=== DATA FOR THIS EXERCISE ===

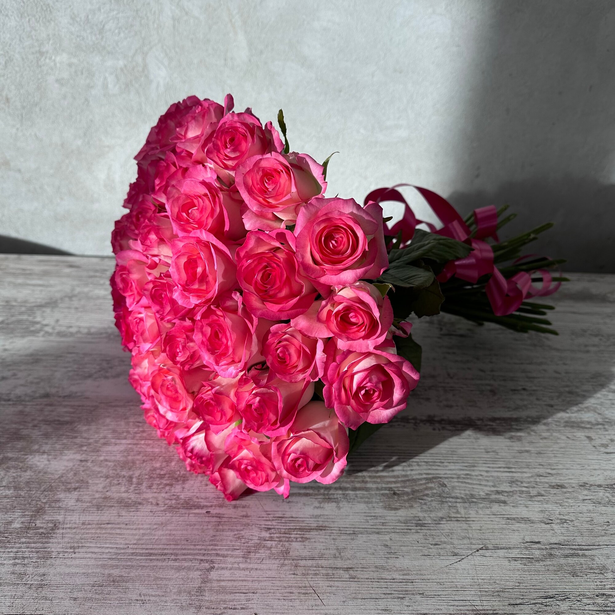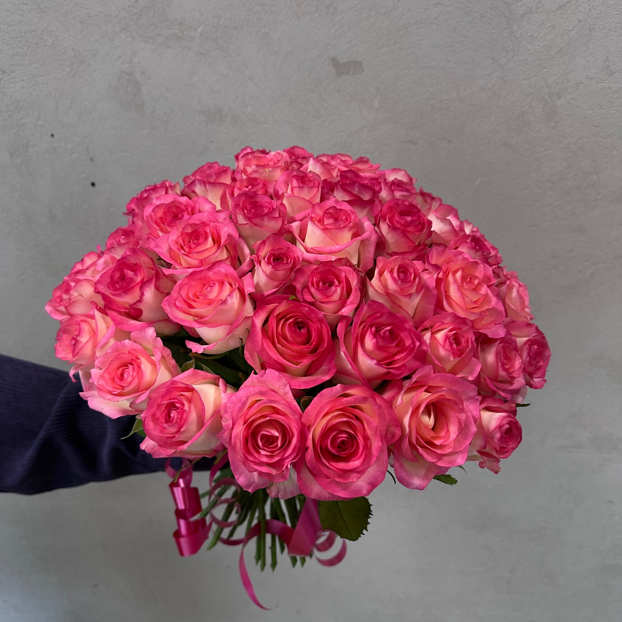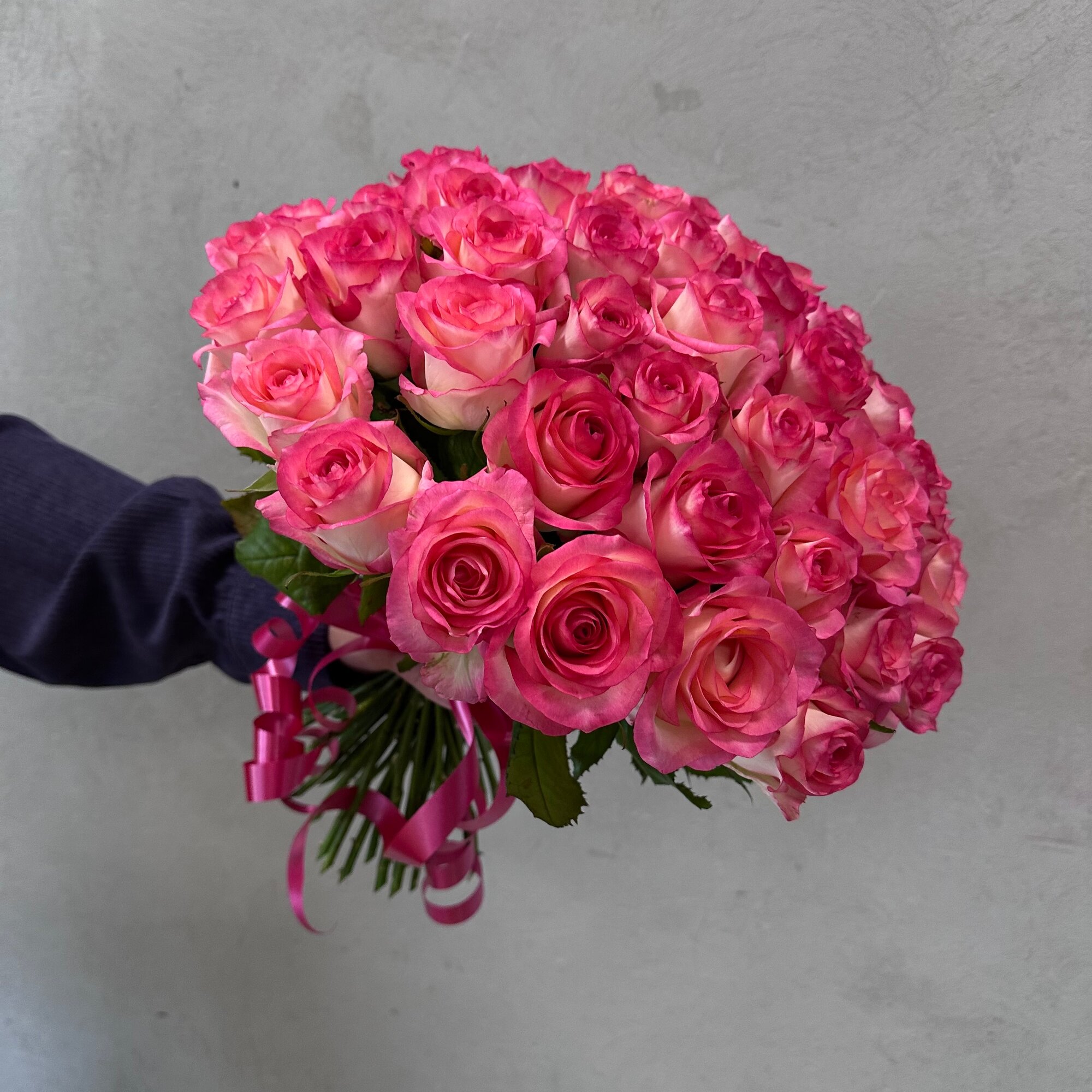 Купить Живые цветы букет роз 51 шт. 40 см. бело-розовый "С теплыми пожеланиями", Rurose
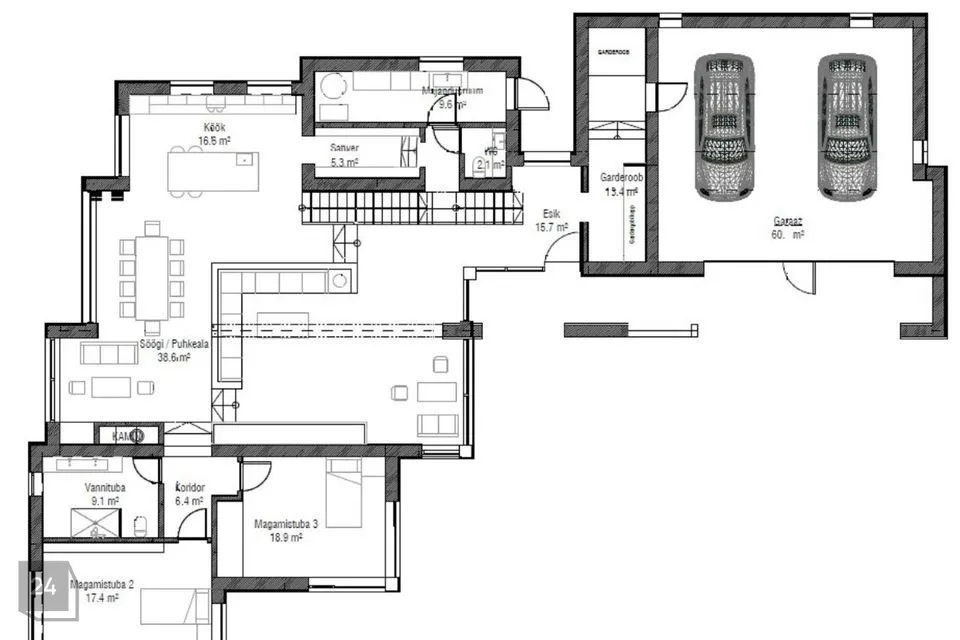 • Garaaž (60 m²): Ruumikas garaaž, mis mahutab kuni kolm sõidukit ja jätab piisavalt ruumi ka jalgrataste, tööriistade ja muude tarvikute jaoks.
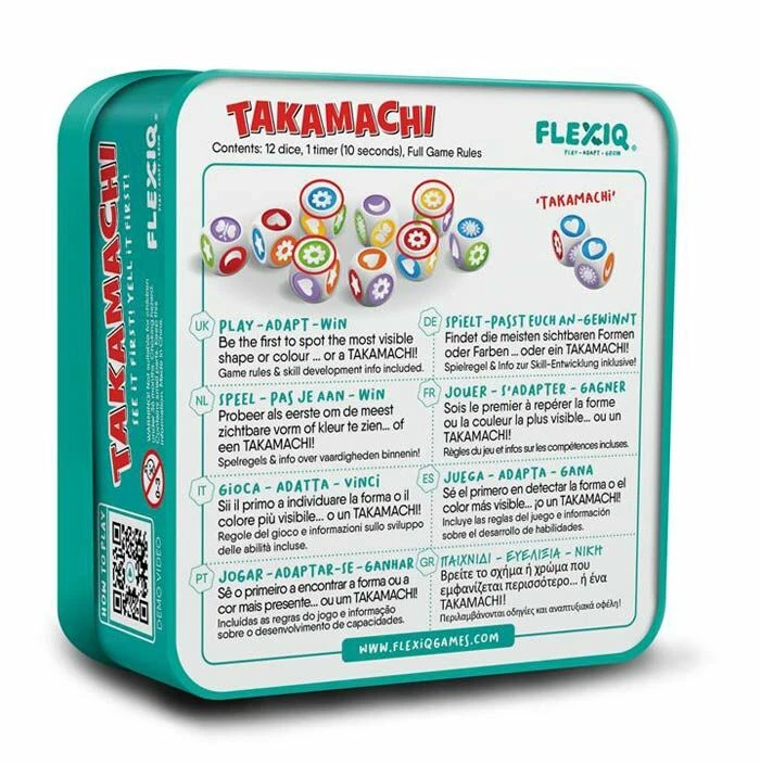 Het spel Takamachi bevat 12 dobbelstenen (met vormen en kleuren) en een zandloper van 10 seconden.
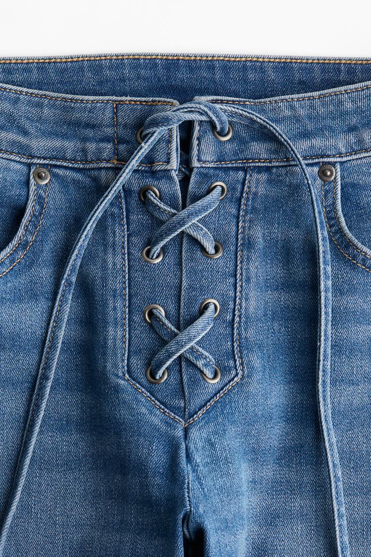 Effortless 70s-inspired charm meets modern comfort in these Flared High Jeans. Crafted from stretch denim, they hug through the waist and hips, then flare from the knee to a graceful, full length that skims your shoes. A high-rise silhouette defines the waist, while the lace-up fly with a concealed button adds a playful, cool edge. Classic five-pocket styling and durable, medium-blue denim give you a versatile wardrobe staple you can dress up with a knit top and boots or keep casual with a tee and sneakers. Seamlessly flattering and season-spanning, these jeans redefine everyday chic.
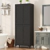 - Vertical Elegance: Standing at 71 inches tall and measuring 27.56 x 13.78 inches, this tall storage cabinet features five tiers and four doors, providing ample space for organizing items. Its narrow design makes it ideal for tight spaces in your home
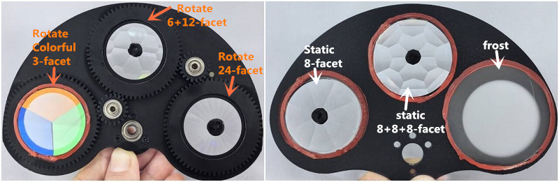 Prism 1: rotate color 3-facet Prism + rotate 6+12-facet Prism + Rotate 24-facet Prism;

===

EXERCISE GOAL
Reproduce exactly the lines of the entries above from the first through the line with "Het spel Takamachi", both included; pictures should not be reproduced.

OUTPUT FOR THIS TASK
 Купить Живые цветы букет роз 51 шт. 40 см. бело-розовый "С теплыми пожеланиями", Rurose
 • Garaaž (60 m²): Ruumikas garaaž, mis mahutab kuni kolm sõidukit ja jätab piisavalt ruumi ka jalgrataste, tööriistade ja muude tarvikute jaoks.
 Het spel Takamachi bevat 12 dobbelstenen (met vormen en kleuren) en een zandloper van 10 seconden.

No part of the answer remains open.